Hi all, I’m trying to catch any final errors at the end of my program right before SDL_Quit(). I thought it would give me a NULL value, but I get a ‘:’ instead.
const char *err_str = SDL_GetError();
if (err_str != NULL)
ErrorFile("Last error if any: ", err_str);
ErrorFile just writes two strings to a text file, nothing special. I get my "Last error if any: " string and a single ‘:’. Is this the intended output for no errors? Can I reliably test against this? It looks like there might be spaces mixed in too.
SDL_GetError() isn’t meant to be used to test for errors, just to fetch a human-readable string if an error occurs.
The docs specifically say not to use it for testing for errors:
You should not use the results of SDL_GetError() to decide if an error has occurred!

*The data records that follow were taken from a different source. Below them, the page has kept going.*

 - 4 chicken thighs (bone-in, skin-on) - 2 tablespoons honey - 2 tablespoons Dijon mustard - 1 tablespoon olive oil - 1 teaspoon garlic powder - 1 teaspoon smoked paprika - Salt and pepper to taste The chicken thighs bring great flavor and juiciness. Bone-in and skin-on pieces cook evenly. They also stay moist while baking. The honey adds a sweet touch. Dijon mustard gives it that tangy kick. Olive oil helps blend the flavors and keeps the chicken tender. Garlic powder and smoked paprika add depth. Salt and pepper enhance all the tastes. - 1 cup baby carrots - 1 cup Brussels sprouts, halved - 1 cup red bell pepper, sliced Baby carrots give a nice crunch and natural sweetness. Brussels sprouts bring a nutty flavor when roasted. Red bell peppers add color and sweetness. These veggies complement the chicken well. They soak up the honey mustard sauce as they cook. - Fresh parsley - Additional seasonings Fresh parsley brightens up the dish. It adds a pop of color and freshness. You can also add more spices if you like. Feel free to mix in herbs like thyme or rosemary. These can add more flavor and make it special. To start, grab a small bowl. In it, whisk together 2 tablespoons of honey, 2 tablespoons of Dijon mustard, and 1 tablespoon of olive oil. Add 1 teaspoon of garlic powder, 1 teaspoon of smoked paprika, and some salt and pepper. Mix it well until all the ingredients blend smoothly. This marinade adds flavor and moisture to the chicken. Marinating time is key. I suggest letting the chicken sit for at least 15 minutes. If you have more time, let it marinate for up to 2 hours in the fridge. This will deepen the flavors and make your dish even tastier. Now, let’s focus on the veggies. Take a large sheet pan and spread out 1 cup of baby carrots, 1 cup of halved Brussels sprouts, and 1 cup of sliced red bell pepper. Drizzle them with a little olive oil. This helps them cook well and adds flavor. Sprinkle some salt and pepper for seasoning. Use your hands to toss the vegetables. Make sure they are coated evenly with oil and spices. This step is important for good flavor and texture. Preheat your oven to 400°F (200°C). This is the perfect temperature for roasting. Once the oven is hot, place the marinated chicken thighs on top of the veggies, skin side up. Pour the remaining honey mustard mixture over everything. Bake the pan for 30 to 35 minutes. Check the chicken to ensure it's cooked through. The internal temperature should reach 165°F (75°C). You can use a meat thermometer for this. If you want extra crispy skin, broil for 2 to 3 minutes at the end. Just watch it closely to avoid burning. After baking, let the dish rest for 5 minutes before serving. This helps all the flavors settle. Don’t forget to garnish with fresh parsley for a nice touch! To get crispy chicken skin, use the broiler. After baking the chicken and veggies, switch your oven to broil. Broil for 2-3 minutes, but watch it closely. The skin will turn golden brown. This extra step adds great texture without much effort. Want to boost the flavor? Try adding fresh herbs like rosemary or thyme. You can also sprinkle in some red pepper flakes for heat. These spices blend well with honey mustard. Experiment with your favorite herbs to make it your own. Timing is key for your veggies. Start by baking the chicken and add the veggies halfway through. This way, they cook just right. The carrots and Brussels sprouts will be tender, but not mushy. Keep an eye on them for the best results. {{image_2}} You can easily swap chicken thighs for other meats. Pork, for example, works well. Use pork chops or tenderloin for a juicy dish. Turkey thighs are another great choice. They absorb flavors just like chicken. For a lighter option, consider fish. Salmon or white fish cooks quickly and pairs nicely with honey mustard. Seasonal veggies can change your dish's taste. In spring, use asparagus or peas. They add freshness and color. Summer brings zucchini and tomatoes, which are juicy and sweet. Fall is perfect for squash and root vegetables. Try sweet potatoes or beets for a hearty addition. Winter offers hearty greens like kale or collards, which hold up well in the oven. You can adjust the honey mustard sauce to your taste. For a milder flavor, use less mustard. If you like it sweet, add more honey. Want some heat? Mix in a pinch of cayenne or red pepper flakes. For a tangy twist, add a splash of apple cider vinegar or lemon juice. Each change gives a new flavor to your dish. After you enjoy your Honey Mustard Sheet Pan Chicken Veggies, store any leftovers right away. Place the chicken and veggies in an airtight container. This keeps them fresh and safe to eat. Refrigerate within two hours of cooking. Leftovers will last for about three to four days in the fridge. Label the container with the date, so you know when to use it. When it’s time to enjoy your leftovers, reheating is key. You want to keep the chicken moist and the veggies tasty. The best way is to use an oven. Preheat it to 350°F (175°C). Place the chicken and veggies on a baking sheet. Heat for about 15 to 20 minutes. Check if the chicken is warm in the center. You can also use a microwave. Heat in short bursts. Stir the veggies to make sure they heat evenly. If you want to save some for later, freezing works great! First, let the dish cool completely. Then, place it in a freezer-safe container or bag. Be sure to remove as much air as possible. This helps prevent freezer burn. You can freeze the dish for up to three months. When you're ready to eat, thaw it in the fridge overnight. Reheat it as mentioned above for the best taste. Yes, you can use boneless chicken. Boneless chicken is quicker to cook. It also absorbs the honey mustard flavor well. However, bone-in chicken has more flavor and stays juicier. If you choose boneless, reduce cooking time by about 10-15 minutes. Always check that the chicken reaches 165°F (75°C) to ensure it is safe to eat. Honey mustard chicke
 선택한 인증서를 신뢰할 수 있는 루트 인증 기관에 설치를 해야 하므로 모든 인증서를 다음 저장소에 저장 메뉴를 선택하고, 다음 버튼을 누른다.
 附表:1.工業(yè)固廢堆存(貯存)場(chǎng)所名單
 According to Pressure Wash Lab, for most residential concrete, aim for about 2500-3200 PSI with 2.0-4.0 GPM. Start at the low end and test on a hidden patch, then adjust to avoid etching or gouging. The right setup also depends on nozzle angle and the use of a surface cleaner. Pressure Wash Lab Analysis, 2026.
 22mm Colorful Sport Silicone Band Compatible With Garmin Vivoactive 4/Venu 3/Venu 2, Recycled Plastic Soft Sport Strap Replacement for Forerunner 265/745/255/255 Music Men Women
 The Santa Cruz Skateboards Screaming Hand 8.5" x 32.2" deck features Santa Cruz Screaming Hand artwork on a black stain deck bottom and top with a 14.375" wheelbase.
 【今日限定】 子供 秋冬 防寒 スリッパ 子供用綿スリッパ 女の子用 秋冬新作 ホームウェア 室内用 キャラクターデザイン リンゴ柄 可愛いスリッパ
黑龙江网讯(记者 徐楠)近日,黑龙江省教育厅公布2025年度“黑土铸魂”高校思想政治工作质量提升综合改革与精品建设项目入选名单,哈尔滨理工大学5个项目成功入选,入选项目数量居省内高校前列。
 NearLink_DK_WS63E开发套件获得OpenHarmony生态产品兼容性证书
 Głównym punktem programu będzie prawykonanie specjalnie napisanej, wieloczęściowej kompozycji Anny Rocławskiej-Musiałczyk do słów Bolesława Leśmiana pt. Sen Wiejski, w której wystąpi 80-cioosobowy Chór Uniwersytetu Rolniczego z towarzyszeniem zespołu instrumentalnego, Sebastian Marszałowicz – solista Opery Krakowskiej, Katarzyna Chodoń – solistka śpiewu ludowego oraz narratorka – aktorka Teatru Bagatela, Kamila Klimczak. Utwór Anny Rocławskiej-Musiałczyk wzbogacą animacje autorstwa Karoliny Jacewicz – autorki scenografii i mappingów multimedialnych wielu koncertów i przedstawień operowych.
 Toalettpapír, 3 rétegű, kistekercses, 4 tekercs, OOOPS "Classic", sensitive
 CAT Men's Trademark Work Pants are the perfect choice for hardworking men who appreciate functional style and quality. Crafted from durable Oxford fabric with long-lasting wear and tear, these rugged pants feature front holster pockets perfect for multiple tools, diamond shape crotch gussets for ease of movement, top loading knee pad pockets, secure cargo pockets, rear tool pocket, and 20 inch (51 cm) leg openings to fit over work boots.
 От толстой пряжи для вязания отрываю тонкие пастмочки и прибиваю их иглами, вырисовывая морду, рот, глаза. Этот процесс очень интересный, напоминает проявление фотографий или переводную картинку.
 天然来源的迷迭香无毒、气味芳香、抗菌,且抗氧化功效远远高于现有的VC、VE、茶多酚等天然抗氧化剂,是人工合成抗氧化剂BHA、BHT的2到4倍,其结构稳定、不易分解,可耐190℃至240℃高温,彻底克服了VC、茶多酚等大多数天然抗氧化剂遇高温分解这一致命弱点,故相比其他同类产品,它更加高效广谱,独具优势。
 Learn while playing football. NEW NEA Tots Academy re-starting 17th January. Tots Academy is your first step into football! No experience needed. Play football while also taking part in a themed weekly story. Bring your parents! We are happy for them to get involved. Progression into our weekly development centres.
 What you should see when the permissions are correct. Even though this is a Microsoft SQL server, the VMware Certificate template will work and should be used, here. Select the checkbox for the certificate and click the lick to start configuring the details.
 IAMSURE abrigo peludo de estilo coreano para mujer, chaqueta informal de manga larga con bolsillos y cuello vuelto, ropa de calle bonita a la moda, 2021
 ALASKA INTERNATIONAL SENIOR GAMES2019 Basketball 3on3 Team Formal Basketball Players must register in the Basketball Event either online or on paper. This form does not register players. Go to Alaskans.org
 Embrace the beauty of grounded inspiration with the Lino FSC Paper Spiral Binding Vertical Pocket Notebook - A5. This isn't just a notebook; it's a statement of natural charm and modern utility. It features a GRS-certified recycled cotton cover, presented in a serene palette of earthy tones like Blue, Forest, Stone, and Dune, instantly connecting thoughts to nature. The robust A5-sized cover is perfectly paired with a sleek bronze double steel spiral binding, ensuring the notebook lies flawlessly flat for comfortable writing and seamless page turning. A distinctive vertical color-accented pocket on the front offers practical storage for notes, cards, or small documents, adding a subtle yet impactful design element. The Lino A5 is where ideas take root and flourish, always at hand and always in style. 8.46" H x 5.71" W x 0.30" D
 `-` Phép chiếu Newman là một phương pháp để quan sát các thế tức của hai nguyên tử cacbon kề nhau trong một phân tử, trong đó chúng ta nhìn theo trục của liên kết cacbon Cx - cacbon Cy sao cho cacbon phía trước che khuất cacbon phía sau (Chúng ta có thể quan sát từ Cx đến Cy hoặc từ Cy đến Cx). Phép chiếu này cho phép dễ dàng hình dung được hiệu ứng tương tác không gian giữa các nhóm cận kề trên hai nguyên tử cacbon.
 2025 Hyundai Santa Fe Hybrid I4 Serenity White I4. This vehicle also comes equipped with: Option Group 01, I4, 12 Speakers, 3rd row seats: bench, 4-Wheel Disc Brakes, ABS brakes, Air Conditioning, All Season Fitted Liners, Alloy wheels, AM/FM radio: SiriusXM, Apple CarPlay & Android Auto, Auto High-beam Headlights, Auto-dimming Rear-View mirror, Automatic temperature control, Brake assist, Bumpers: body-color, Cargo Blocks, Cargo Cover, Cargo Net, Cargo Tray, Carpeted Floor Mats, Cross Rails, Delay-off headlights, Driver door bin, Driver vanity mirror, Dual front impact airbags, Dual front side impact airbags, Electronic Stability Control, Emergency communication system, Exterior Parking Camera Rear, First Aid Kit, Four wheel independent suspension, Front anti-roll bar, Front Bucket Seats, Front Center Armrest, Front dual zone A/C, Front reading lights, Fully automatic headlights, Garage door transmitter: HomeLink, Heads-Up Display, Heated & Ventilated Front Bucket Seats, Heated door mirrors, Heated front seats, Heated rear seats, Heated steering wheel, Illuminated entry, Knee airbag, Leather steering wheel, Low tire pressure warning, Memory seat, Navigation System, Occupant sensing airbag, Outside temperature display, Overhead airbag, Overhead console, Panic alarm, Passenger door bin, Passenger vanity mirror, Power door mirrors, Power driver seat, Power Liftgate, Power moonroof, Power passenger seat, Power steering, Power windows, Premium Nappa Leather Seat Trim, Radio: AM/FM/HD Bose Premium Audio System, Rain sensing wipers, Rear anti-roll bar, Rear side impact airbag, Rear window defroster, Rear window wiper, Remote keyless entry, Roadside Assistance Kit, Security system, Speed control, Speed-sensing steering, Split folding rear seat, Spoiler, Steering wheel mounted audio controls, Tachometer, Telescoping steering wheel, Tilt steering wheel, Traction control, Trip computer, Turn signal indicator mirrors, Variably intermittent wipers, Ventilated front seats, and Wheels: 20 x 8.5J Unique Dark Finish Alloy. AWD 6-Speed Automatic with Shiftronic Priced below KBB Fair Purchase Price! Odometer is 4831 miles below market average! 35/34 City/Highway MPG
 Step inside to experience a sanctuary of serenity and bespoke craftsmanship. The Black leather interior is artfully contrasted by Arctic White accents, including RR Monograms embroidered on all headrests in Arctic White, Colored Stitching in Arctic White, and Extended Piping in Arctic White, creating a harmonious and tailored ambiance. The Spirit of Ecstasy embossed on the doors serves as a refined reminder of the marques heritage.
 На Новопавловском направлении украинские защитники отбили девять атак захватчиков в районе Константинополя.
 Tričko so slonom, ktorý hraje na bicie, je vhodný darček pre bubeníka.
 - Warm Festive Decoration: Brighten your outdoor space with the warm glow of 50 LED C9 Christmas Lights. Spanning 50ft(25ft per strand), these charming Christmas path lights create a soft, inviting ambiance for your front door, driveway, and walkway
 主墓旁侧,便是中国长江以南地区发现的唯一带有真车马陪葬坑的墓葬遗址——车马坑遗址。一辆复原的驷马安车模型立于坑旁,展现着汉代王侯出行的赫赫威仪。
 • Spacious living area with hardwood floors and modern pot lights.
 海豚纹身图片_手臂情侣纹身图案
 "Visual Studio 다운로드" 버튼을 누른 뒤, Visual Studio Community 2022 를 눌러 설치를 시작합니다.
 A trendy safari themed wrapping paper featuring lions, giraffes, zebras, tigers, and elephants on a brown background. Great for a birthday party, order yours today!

Sometimes SDL will set an error string even when reporting success.
So don’t call SDL_GetError() unless an SDL function actually returns an error condition.
Well, there’s a single case in SDL2 where you have to do this . When SDL_RWread returns 0, it could be an error or EOF, SDL_strcmp(SDL_GetError(), "") != 0 is the only way to find out. You also have to call SDL_ClearError() just before read to ensure there’s no previous error in there. This hack is used in SDL_LoadBMP_RW
Thanks for the replies. This was only intended to catch any errors I might have missed during program execution. I’ll just use it for testing and remove it from any final release.